Browsers are blocking first-party cookies that are placed via JavaScript, but not those that are written through HTTP headers. Given this information, we host an application on an endpoint mapped to a subdomain of your website. The role of the application is to receive a payload with information about a Javascript cookie in your visitor’s browser and to send a response with a header that overwrites the cookie as an HTTP cookie. 

The process is as follows. When a user visits your website and a tracker such as Google Analytics places a JavaScript cookie in the browser, we execute a callback function that sends the required payload to the application to get the response with the Set-Cookie header. 

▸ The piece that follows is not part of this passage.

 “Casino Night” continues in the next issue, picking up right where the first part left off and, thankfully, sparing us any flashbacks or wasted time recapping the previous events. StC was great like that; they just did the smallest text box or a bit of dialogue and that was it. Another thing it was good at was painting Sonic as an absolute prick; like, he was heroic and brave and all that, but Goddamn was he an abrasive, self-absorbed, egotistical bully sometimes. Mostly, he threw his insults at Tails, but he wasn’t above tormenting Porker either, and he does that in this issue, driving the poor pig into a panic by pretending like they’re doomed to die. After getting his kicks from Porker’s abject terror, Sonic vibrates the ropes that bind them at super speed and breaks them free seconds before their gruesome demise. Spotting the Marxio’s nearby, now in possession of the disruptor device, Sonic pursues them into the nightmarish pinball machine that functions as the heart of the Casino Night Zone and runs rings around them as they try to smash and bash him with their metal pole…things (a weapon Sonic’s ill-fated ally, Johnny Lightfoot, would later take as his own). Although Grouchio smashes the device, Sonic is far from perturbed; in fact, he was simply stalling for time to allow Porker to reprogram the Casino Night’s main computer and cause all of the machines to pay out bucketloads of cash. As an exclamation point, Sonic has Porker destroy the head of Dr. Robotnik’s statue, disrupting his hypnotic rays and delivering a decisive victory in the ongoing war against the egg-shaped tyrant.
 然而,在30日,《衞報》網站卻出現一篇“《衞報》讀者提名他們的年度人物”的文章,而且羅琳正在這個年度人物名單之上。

The cookie is then rewritten with the new expiration date of your choosing, thereby bypassing the limitations of ITP and other browsers limiting expiration.  

Results 

At a large ecommerce client, we saw that 30% of all return sessions in 2021 on Safari 14 would have been treated as new users, and not linked to the original campaigns that brought their visit. Not using this service would have resulted in a 25% increase in Safari 14 users and a 10% increase in overall site traffic in terms of users, whilst in reality not actually bringing new users, and attributing them to the wrong source.

It is clear that with such large portions of traffic being affected by the cookie extension, it is easy to misinterpret how upper-funnel campaigns are performing. Furthermore, for attribution windows beyond 7 days, a mismatch can lead to underestimations of the value of your marketing efforts and spend. 

We are moving towards a (marketing) cookieless world. But until then, this solution will preserve your important analytics data.